Task to carry out:
Copy out exactly the lines spanning the line with "verschwommenen gelben hintergrundKleine" to the line with "Set med fyra", inclusive, from the data underneath, with no pictures.

Input:
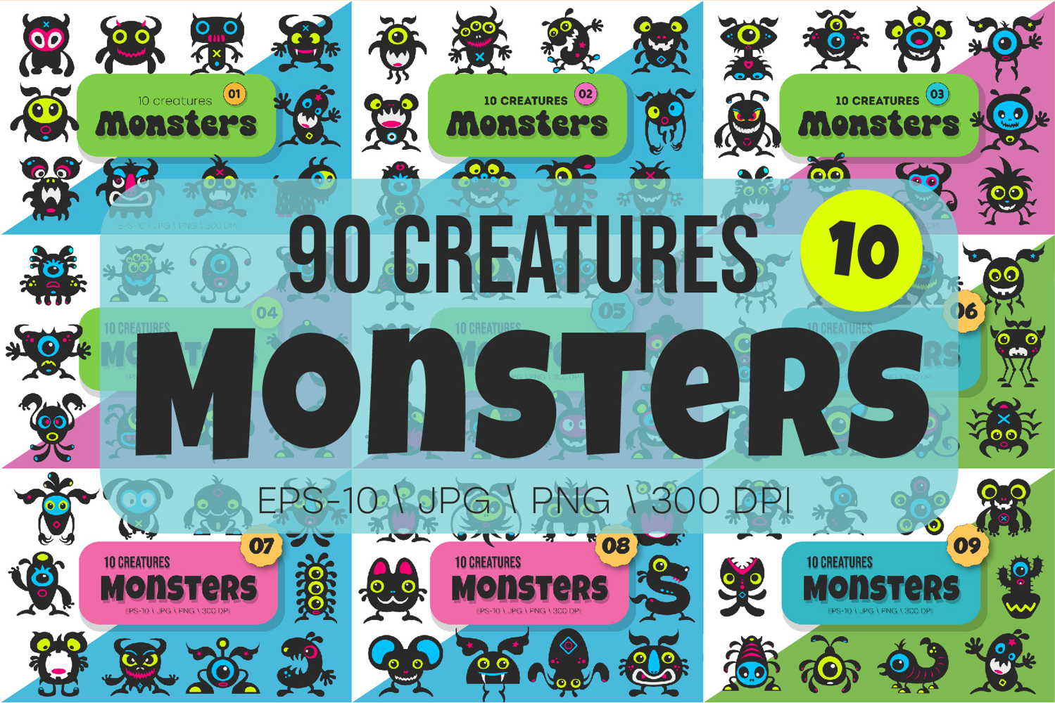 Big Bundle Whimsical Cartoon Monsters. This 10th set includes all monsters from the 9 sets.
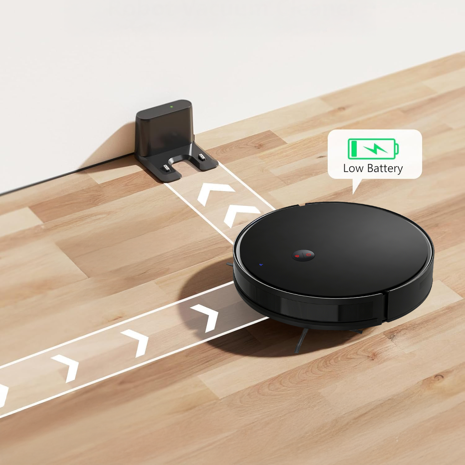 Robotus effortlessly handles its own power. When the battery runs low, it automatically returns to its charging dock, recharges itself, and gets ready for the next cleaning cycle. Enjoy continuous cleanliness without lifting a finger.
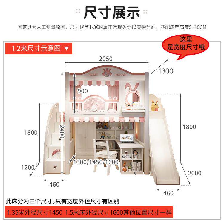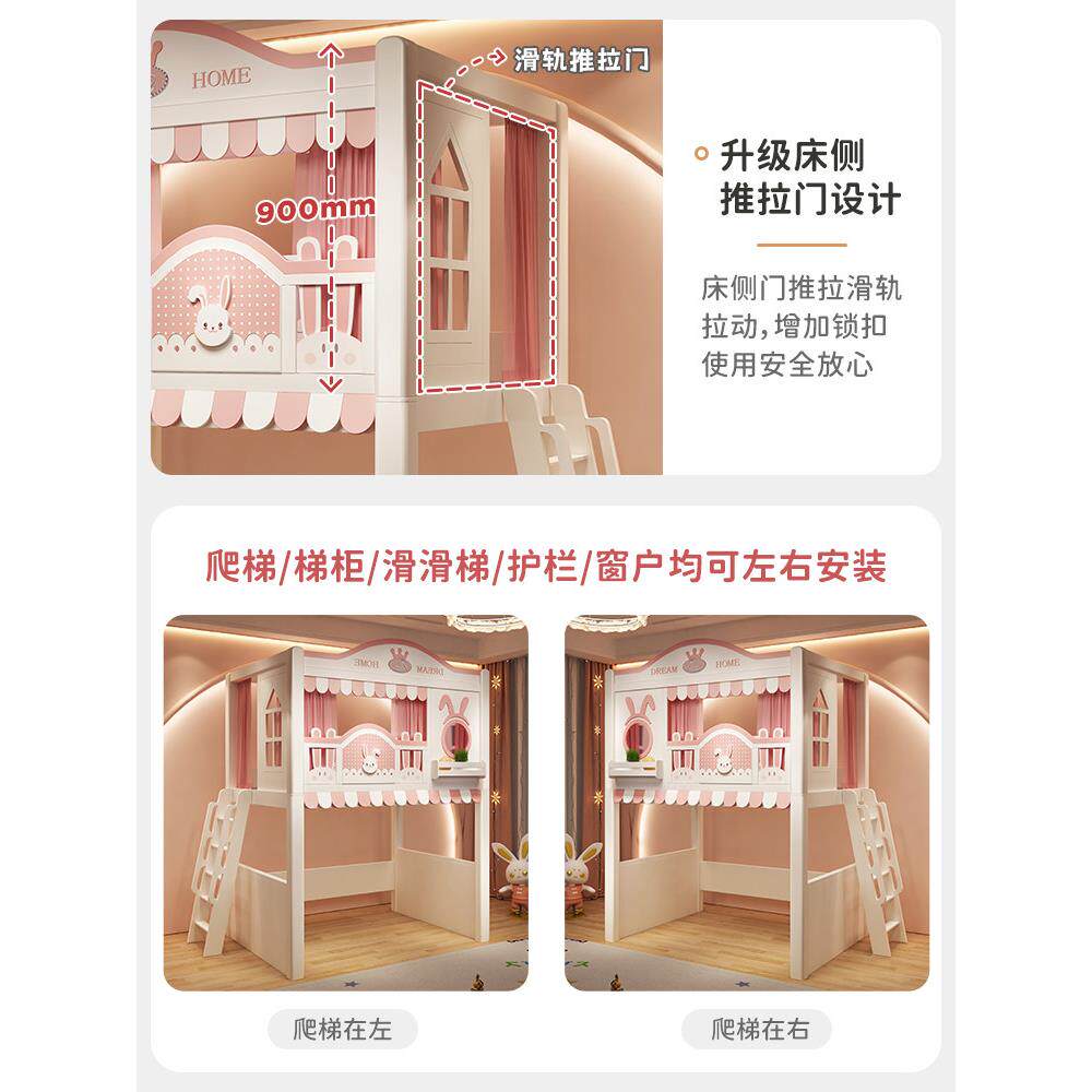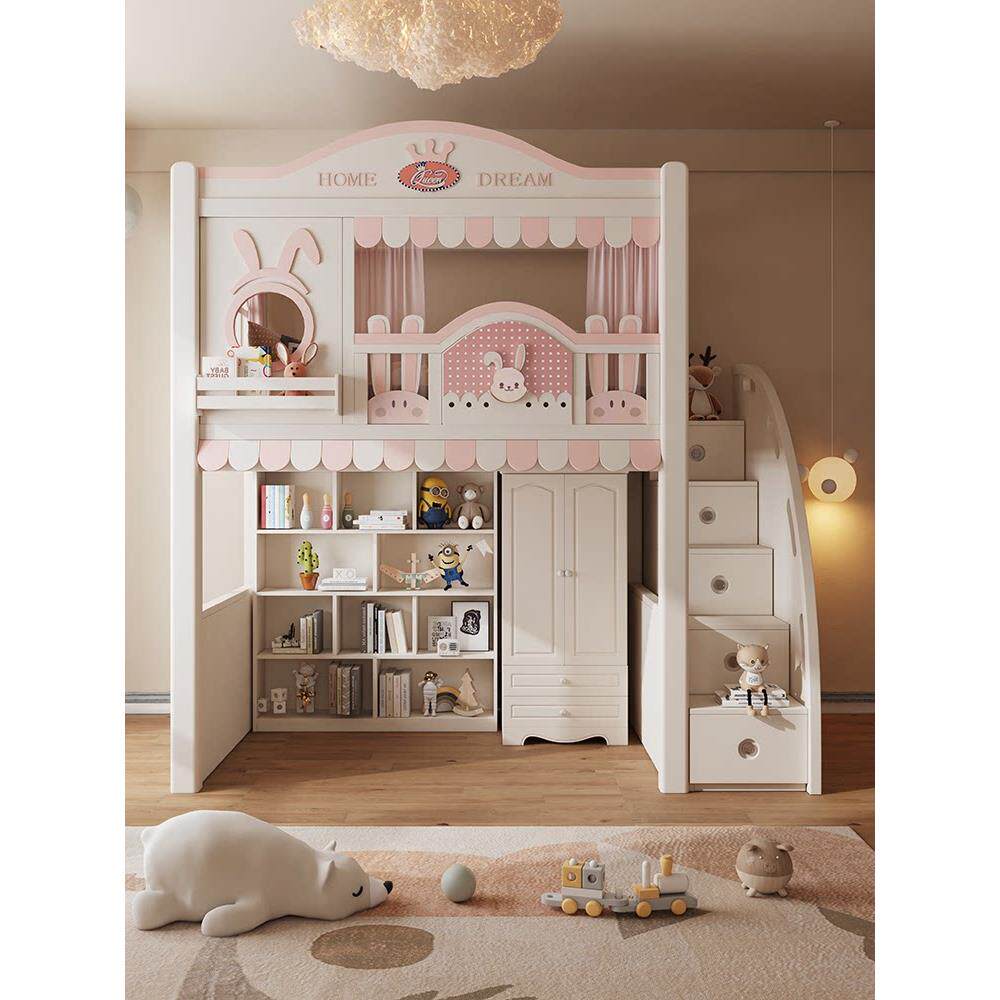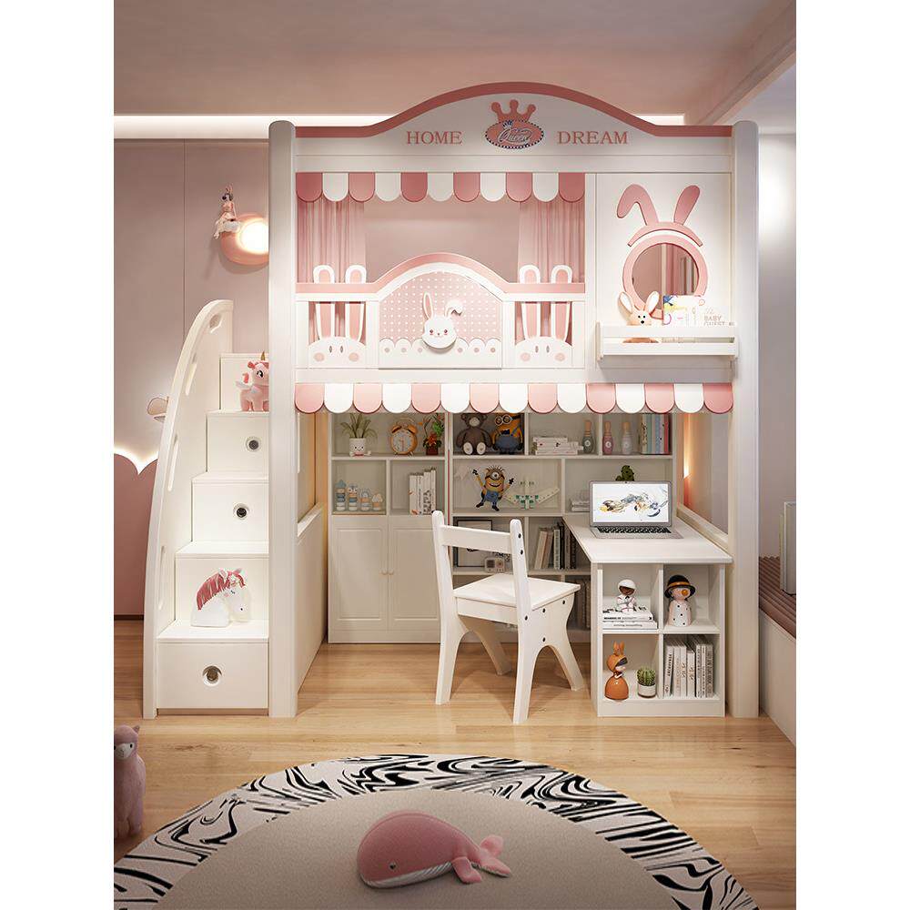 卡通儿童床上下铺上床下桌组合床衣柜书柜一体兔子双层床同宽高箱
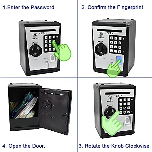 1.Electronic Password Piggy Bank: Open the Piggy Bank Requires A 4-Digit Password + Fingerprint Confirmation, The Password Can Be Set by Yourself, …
...
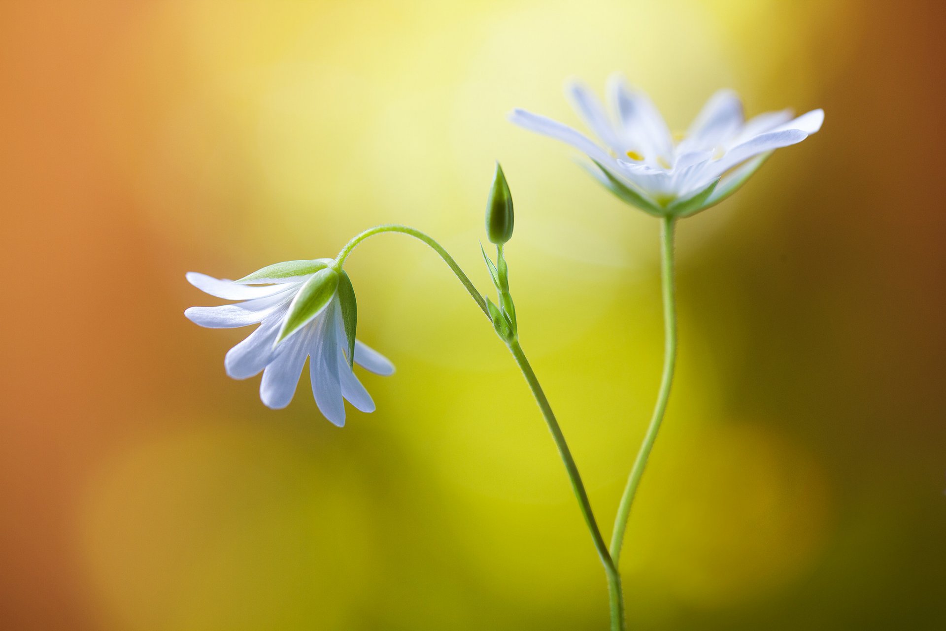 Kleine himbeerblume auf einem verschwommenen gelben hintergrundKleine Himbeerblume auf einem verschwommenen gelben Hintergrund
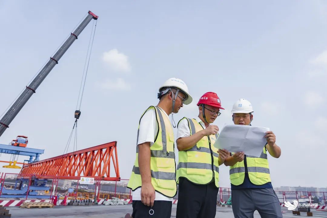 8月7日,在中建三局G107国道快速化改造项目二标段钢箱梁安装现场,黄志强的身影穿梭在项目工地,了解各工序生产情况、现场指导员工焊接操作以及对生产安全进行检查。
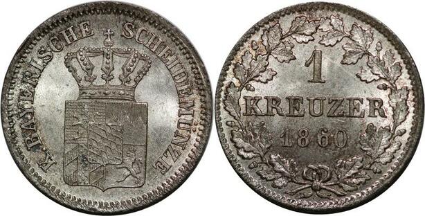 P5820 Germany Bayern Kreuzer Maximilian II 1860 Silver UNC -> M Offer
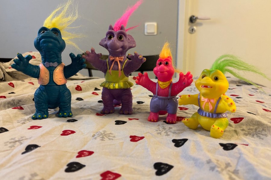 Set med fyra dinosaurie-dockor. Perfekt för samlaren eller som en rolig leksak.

Expected answer:
 Kleine himbeerblume auf einem verschwommenen gelben hintergrundKleine Himbeerblume auf einem verschwommenen gelben Hintergrund
 8月7日,在中建三局G107国道快速化改造项目二标段钢箱梁安装现场,黄志强的身影穿梭在项目工地,了解各工序生产情况、现场指导员工焊接操作以及对生产安全进行检查。
 P5820 Germany Bayern Kreuzer Maximilian II 1860 Silver UNC -> M Offer
 Set med fyra dinosaurie-dockor. Perfekt för samlaren eller som en rolig leksak.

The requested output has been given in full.